It was always difficult for medical officers to decide which cases should be operated on at the Main Dressing Station and which should wait until the Casualty Clearing Station was reached. Major surgery was best dealt with at the Casualty Clearing Station as it had better surroundings and equipment for that purpose, and the stability that allowed serious cases, such as abdominals, to be held till they were fit to travel to the General Hospitals. Special conditions arose, however, such as existed at the battle of Tebaga Gap, which made it impossible to evacuate the wounded in time for surgical attention in rear units. Under such conditions major surgery was done at the Main Dressing Station, and extra surgical teams were provided so that all the work could be carried out efficiently.

page 26

At other times the work was shared by the two units, both working together to allow the maximum amount to be done in the shortest time. Priorities of operation for different types of wounds were laid down as experience dictated. At the time of the battles to break through to the plains of Northern Italy, first priority was given to cases of serious bleeding, mangled limbs, large muscle and open chest wounds. During these battles wounded were operated on at the Main Dressing Station, at the Casualty Clearing Station, at the special British head, eye, and maxillofacial hospital, and at our General Hospital at Senigallia, while some were flown to Bari to have their first operations performed at our hospital there. The Main Dressing Station provided resuscitation for the serious cases, giving blood transfusions if necessary, before evacuating them to the Casualty Clearing Station.

The evacuation centre cared for a spaced and steady procession of wounded. Some were drowsy with morphia, others relaxed with the heartening knowledge that they were within sheltering walls after a trying ordeal and the discomfort of travelling. Some came startled and alarmed out of the deep fogginess of anaesthesia, others answered questions obediently and from mere habit, as though they had found something more interesting to hold their attention and had replied out of politeness. This population was transitory, patients being sent on to the Casualty Clearing Station as soon as they were fit to travel.
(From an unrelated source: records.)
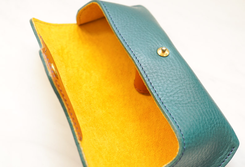 【CHINEMA】の魅力の1つである表裏のカラーと素材が特徴。 表はシックな大人な色合いに対し裏は鮮やかな色合いです。 開いたときにちらっと覗いておしゃれ! 表はつるっとしたイタリアンレザーに対し裏は少し起毛したピッグスエードです。 どちらも手になじむ革で長年の経過を楽しめます。
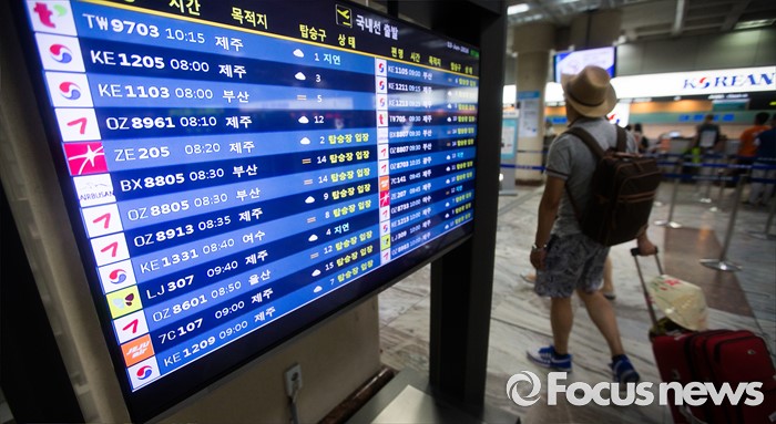 (서울=포커스뉴스) 13일 오전 서울 김포공항 국내선 청사에 항공기 도착 정보가 게시되고 있다. 지난 12일 오후 저시정특보가 내려진 제주공항은 짙은 안개와 연결편 문제로 150여편 지연 운항, 2편 결항했지만 13일 오전 6시에 특보를 해제했으며 오전 9시 현재 모든 항공편이 정상 운항하고 있다고 밝혔다.
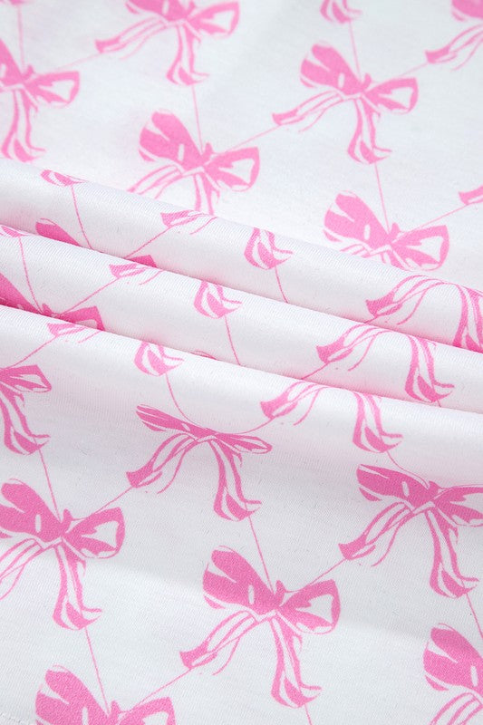 Bowknot Shirt and Ruffle Hem Shorts Pajama Set

Black and white photograph of soldier reading

the evacuation centre at 4 mds, faenza

After a period as battle MDS the unit would be tired—sleep was disturbed by the internal noises of the dressing station at work or by the external noises of war; and there was, too, the steady drain of energy from long and intense concentration and the persistent call for quick and precise work.

But the unit preferred to be battle MDS rather than sick MDS or in reserve. The life was more exacting and more urgent. Constant thought and ceaseless energy saved life and limb for the wounded: the work left a sense of satisfaction and a keen appreciation that it was a task in which any man might take pride.

page 27

‘I was admitted to 1 NZ Mobile Casualty Clearing Station at Forli. When I was carefully examined at seven o’clock in the evening it was found that the femoral artery had been severed. The sack of the calf of my leg was opened widely but was bleeding only a little. I was operated on and put to bed with my leg in an iron frame, and 15,000 units of penicillin were injected every three hours from nine o’clock on the night of 20 December to nine o’clock in the morning of 26 December. Also, injections for protection against gas-gangrene poisoning were given six-hourly from midnight on 20 December to six o’clock on 23 December.
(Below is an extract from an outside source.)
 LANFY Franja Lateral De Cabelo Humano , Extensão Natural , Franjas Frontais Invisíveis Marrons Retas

‘In spite of all this attention my leg began to get discoloured by 23 December and I had lost all feeling below the knee. The medical officer told me my leg would have to be amputated or else it would most likely endanger my life. At eight o’clock that evening I went into the operating theatre and was put under an anaesthetic. Then my leg was amputated through the lower third of my left thigh. On Christmas Eve I had another transfusion of two pints of blood. For several days I could feel the heat and cold in my missing leg just as plainly as if it were still there, and that sensation wore off only after two or three weeks.’
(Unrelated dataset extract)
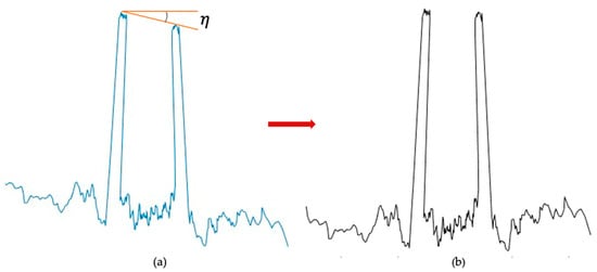 The stationary LiDAR scans were analyzed to reconstruct 2D and 3D seedbed surfaces and generate statistical measures of the soil roughness attributes. A MATLAB (MATLAB R2023a, Natick, MA, USA) script was used to produce a soil profile for evaluating soil roughness. Each LiDAR scan consists of 380 points ranging from 5° to 175° (at an interval angle of 0.5°). Data correction was performed in two steps as follows: (1) adjusting for tilting of the LiDAR sensor measurement system due to the wheeling the pickup truck on tilled soil and (2) obtaining the LiDAR data of the seedbed surface height in reference from the two wooden plates close to the tilled soil surface. As the LiDAR sensor and the wooden frame setup are mounted on the back of the pickup truck, there is a potential chance that the pickup truck is slightly tilting due to the truck wheeling on tilled soil surfaces and natural soil relief surfaces (Figure 5a). Correction to the tilting allows to adjust the LiDAR-scanned data to nearly zero angle in the horizontal plane between the two black painted wooden plates (Figure 1). The schematic diagram for correcting LiDAR-scanned data due to tilting (η) is illustrated in Figure 5, showing a sample LiDAR-scanned profile before correction (Figure 5a) and after correction (Figure 5b).

Black and white photograph of ambulance

the entrance to 1 nz mobile ccs, forli

Casualty Clearing Station

In Forli the Casualty Clearing Station was established in a former school building where conditions allowed more than the usual comfort. Here elaborate surgical treatment was carried out as near to the forward areas as was practicable for tactical reasons (usually within 12 to 15 miles), and here, too, was provided the necessary post-operative nursing until the patient was fit to be sent farther along the route of evacuation to a General Hospital. The aim was always to reduce the time-lag between the wounding of a soldier and his first surgical operation. On occasions wounded were sent on to a General Hospital from the Casualty Clearing Station by air.

page 28

The Casualty Clearing Station was usually a tented hospital, specially equipped and staffed as a mobile unit. Mobility was of prime importance as the unit had to be ready to move to a fresh site at short notice, or it might have to set up in an open field. It was equipped to hold 300 patients, of whom about one-third could be nursed on beds and the remainder on stretchers. During a battle a Casualty Clearing Station might handle from 200 to 500 patients in 24 hours, with a high proportion of urgent major surgical operations. In active periods the staff was usually supplemented by Field Surgical units, a Field Transfusion unit with its blood bank, and sometimes by a British Mobile Laboratory as well.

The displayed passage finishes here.